#### Data provided
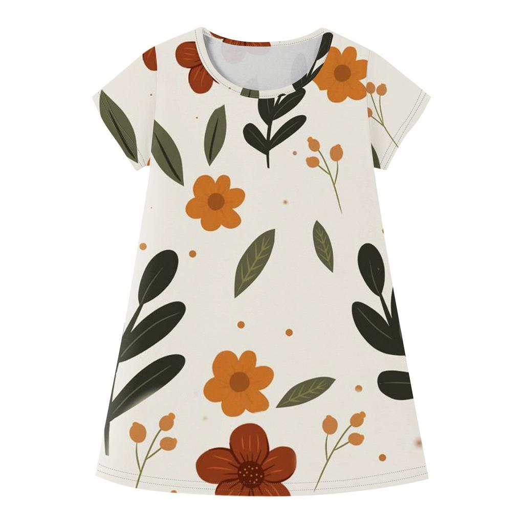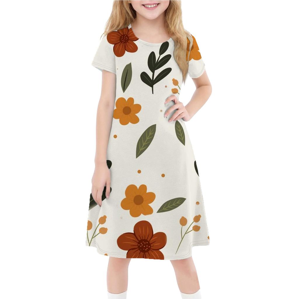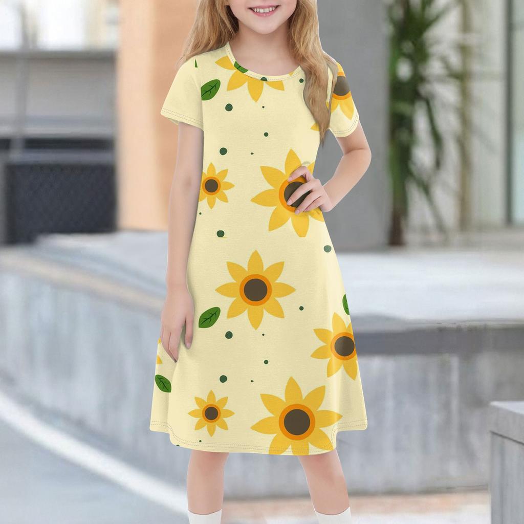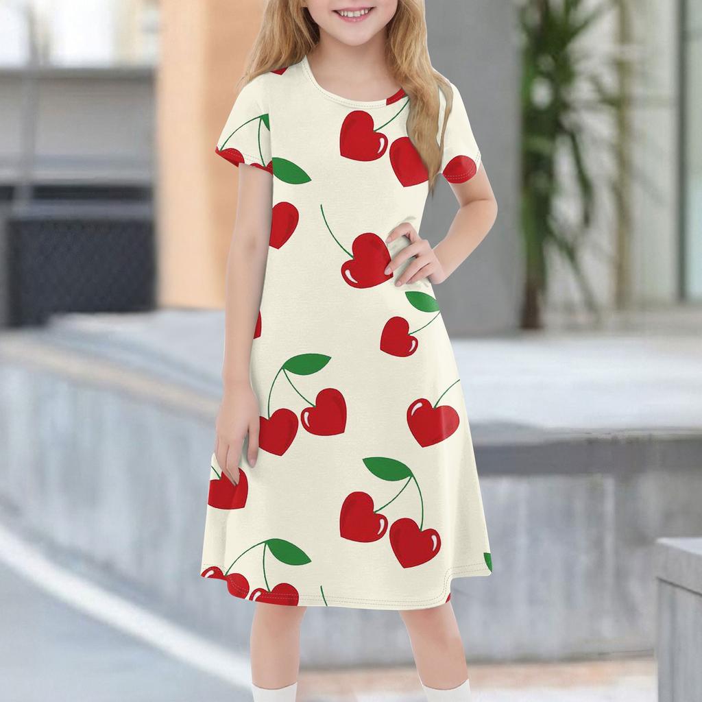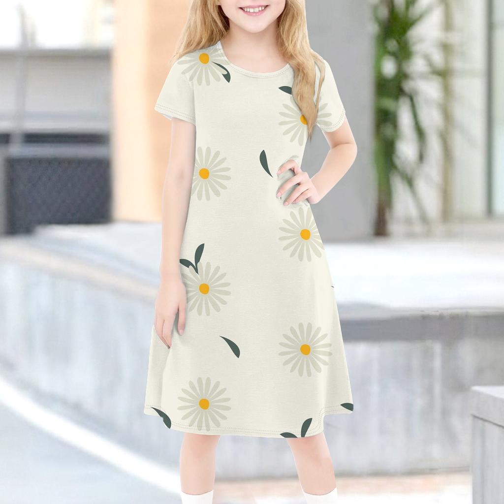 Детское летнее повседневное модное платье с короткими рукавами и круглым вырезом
########
#### Data provided
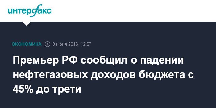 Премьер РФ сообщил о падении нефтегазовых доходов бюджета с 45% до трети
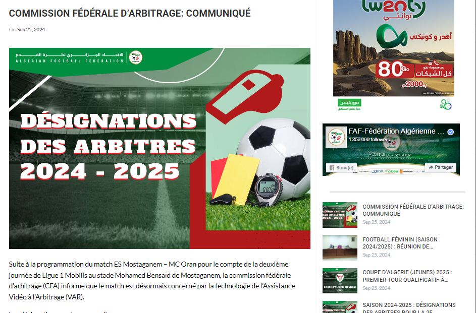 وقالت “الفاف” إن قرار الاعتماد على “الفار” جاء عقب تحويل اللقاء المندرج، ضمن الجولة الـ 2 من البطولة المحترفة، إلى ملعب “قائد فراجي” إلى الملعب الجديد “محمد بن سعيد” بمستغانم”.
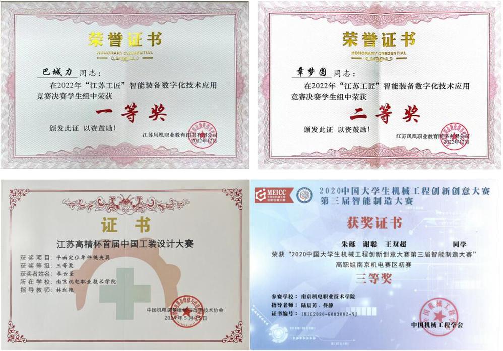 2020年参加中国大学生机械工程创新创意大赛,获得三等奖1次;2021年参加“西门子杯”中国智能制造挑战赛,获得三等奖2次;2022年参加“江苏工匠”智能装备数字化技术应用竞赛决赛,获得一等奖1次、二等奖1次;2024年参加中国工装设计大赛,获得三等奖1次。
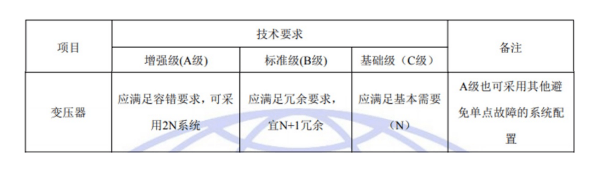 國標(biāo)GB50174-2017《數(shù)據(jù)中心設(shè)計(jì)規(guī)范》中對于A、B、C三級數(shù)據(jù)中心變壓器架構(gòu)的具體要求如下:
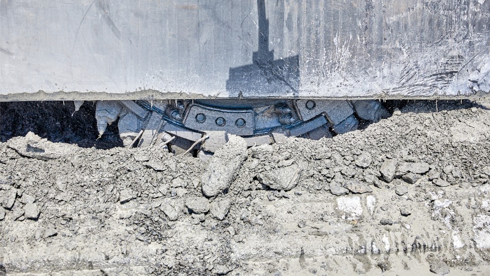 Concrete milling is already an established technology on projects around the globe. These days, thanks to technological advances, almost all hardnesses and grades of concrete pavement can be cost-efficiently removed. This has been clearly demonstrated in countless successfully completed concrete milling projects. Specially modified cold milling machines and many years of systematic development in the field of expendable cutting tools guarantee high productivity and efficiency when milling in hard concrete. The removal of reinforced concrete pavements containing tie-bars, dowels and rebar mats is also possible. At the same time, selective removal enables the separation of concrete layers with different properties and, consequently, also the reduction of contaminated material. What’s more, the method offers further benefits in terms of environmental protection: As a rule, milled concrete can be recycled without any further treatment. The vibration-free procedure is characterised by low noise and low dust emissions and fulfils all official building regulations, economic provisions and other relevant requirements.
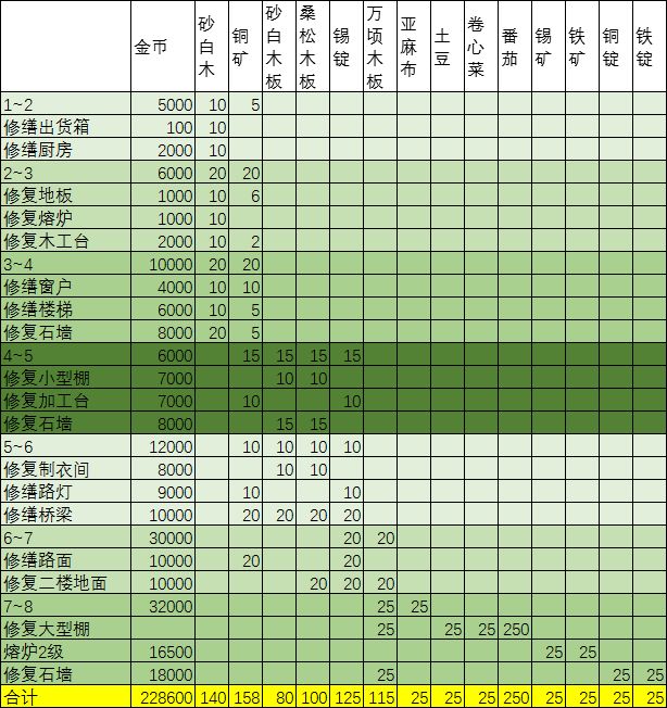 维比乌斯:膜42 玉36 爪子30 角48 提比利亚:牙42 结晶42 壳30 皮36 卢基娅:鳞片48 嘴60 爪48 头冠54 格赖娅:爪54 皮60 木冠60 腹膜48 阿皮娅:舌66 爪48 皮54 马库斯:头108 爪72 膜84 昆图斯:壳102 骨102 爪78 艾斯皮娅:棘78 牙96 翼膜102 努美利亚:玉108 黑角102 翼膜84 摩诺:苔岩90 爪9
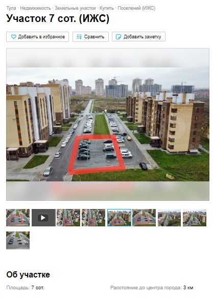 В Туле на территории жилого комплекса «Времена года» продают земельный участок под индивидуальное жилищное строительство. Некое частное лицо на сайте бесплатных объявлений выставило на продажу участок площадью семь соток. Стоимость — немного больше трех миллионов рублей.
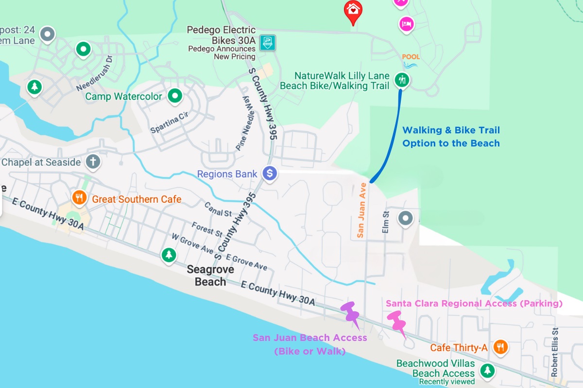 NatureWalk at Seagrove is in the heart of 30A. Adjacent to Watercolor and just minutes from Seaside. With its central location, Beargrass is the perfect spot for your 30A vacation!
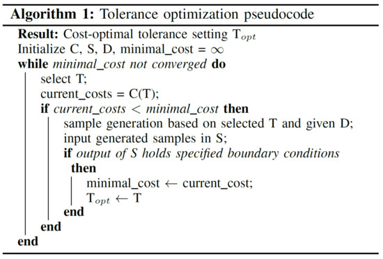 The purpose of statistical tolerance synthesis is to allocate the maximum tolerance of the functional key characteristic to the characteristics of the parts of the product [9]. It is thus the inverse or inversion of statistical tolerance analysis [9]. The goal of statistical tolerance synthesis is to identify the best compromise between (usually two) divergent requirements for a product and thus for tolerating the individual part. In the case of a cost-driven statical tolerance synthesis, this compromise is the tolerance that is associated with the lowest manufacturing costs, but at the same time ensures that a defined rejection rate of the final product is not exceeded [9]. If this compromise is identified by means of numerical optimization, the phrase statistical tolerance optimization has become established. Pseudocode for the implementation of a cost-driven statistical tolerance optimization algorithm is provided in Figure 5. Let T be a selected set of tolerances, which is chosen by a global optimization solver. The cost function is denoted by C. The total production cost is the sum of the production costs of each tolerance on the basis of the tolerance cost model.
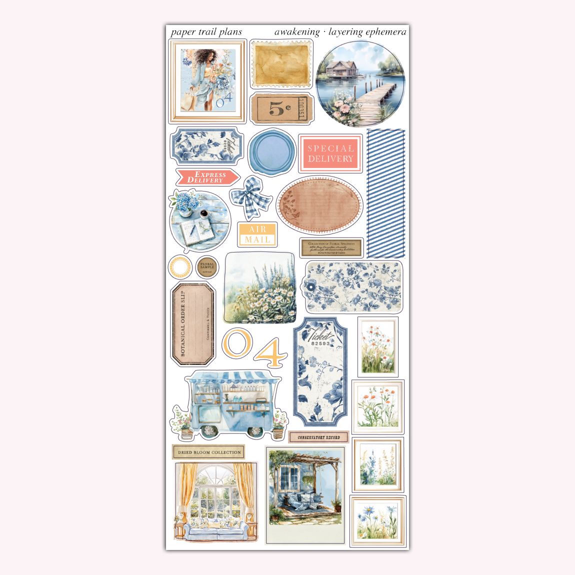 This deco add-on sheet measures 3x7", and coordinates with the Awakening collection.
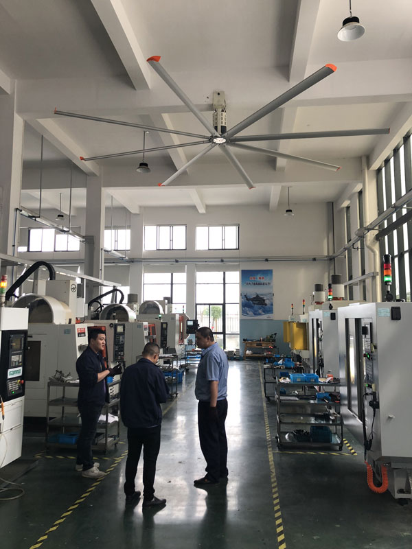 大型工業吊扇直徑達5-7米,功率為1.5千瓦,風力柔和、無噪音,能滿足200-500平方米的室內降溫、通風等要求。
########
# Task goal
Reproduce the lines above beginning at the line that contains "2020年参加中国大学生机械" and ending at the line that contains "國標(biāo)GB5017". No pictures.

# Answer box
 2020年参加中国大学生机械工程创新创意大赛,获得三等奖1次;2021年参加“西门子杯”中国智能制造挑战赛,获得三等奖2次;2022年参加“江苏工匠”智能装备数字化技术应用竞赛决赛,获得一等奖1次、二等奖1次;2024年参加中国工装设计大赛,获得三等奖1次。
 國標(biāo)GB50174-2017《數(shù)據(jù)中心設(shè)計(jì)規(guī)范》中對于A、B、C三級數(shù)據(jù)中心變壓器架構(gòu)的具體要求如下:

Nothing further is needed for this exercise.